While natural markings are useful to distinguish many cetaceans, steps must be taken to monitor whether they are permanent or superficial and therefore useful or not for identification. Changes may occur to distinctive scars and characteristics over time, the appearance of new markings may overlap older ones, and scratches or lesions may heal and fade making identification of an individual more challenging if these alterations are not regularly monitored. Observing changes in distinguishing characteristics can reduce error in the identification process. Animals with very obvious permanent markings, fin/fluke contours, coloration or rare deformities are more easily identifiable than other animals, such as calves, which often have few observable distinct characteristic markings. Care must be taken to ensure that clearly marked individuals do not end up over-represented compared to those animals whose markings are subtler and less readily recognized. Lack of attention to this detail may result in biases in population counts (Scott, et al., 1990).

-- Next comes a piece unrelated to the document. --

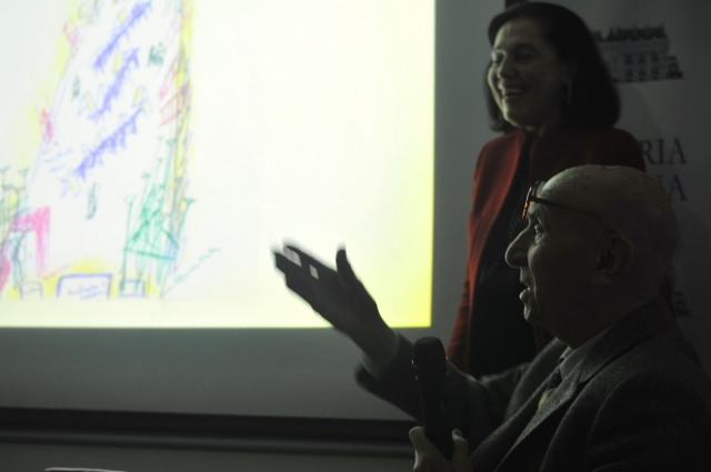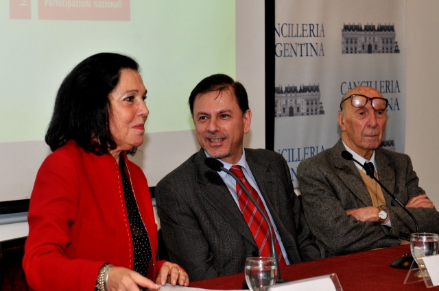 El Vicecanciller argentino, Eduardo Zuaín junto al arquitecto, artista plástico y curador de la presentación argentina, Clorindo Testa, y la Embajadora Magdalena Faillace, Directora de Asuntos Culturales de la Cancillería.
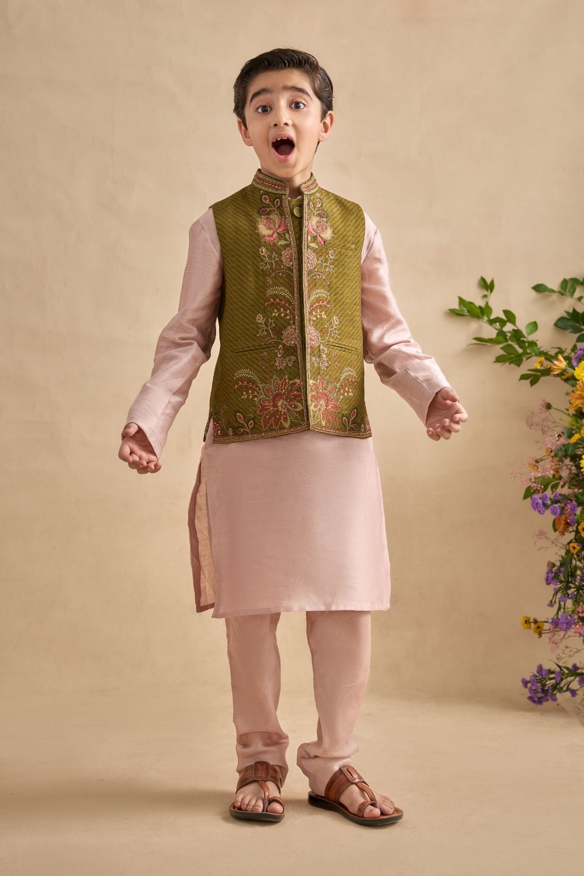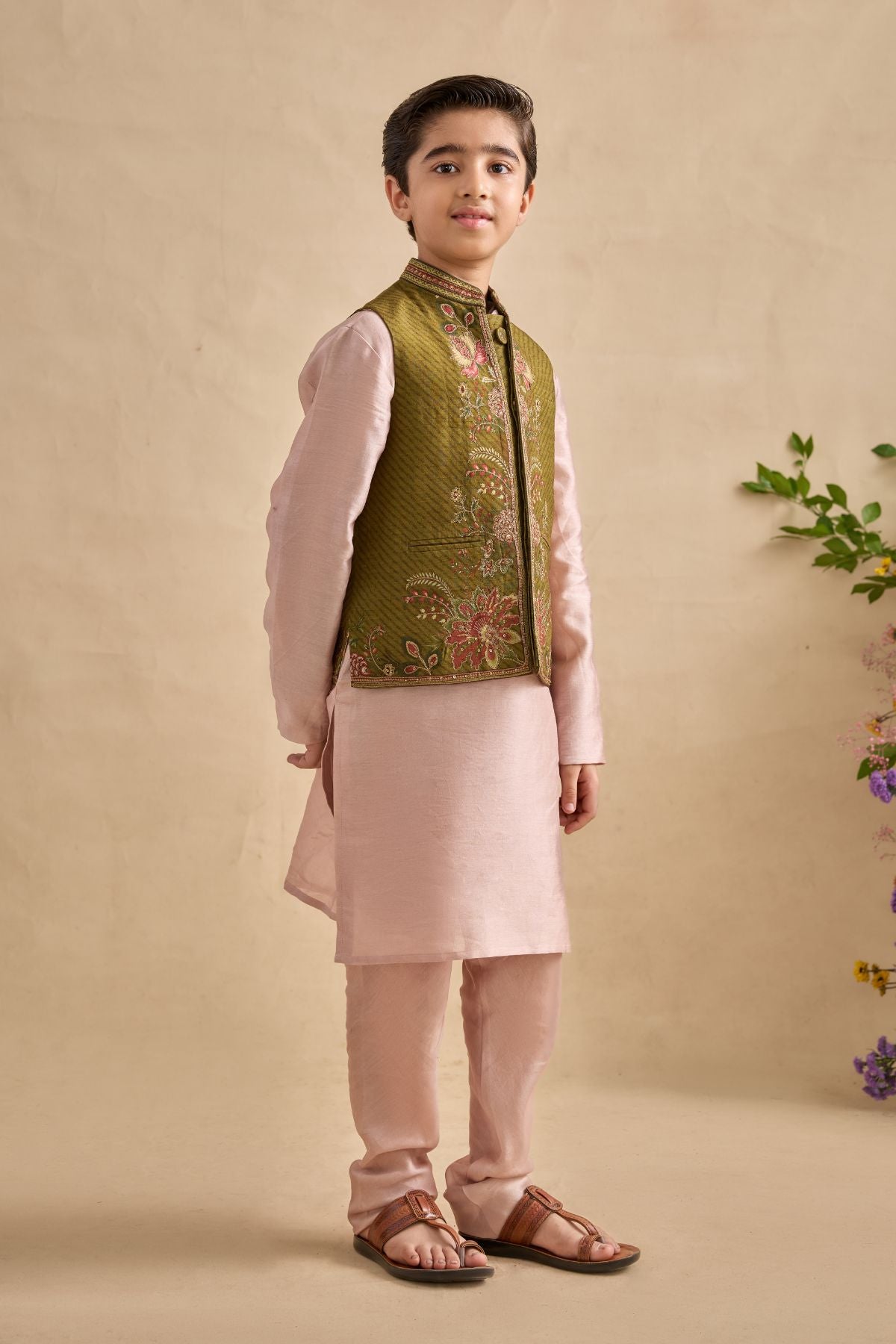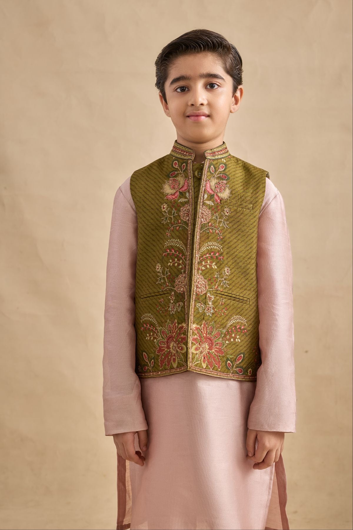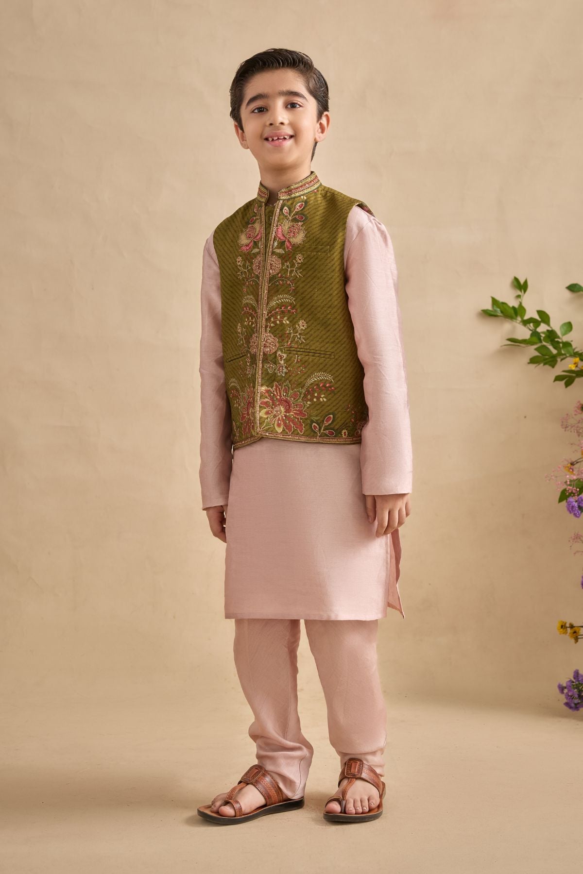 Beautifully crafted Ishvik Bandi set to make your kid giving style statement , incricate detailing along the placket makes it even more attractiv . Perfect outfit to ace that contemporary Indian look.

Scientists conduct the initial analysis and comparison of photographs through negatives on a light table, contact sheets, and slides or via digital images on computer screens. Photographs are rated for quality and only those with the highest quality rating are used to assist in reducing errors in matching and classifying individuals. Trailing edges of notch patterns in dorsal fins/flukes are traced onto paper in small, several inch frames or, more often today, they are traced via computer programs designed to produce exact outlines of each dorsal fin/fluke. Dorsal edge marks are the primary means of identification along with curvature of the fin and any noticeable scars, scratches, lesions or deformities. These are compared manually or via computer software to catalogued photographs. Images that are matched are catalogued in the existing individual’s file, while those photographs unmatched and deemed new individuals have a new file established (Robinson, pers. comm.). Non-matches are considered new individuals. Pictures are usually inspected by several people, to prevent errors in identification, before being catalogued (Whitehead, et al., 2000). Difficulty can arise in matching right and left side photos of dorsal fins. Identical rake (scratch) marks may appear on both sides of a fin, due to altercations with other animals, making it easy to match some right and left shots. However, photos of animals with few distinct markings may result in an inability to match right and left dorsal fin images resulting in the identification of one animal as two different individuals, or a “false negative”. Taking images of only one side of each animal’s dorsal fin can reduce error and effort (Robinson, pers. comm.).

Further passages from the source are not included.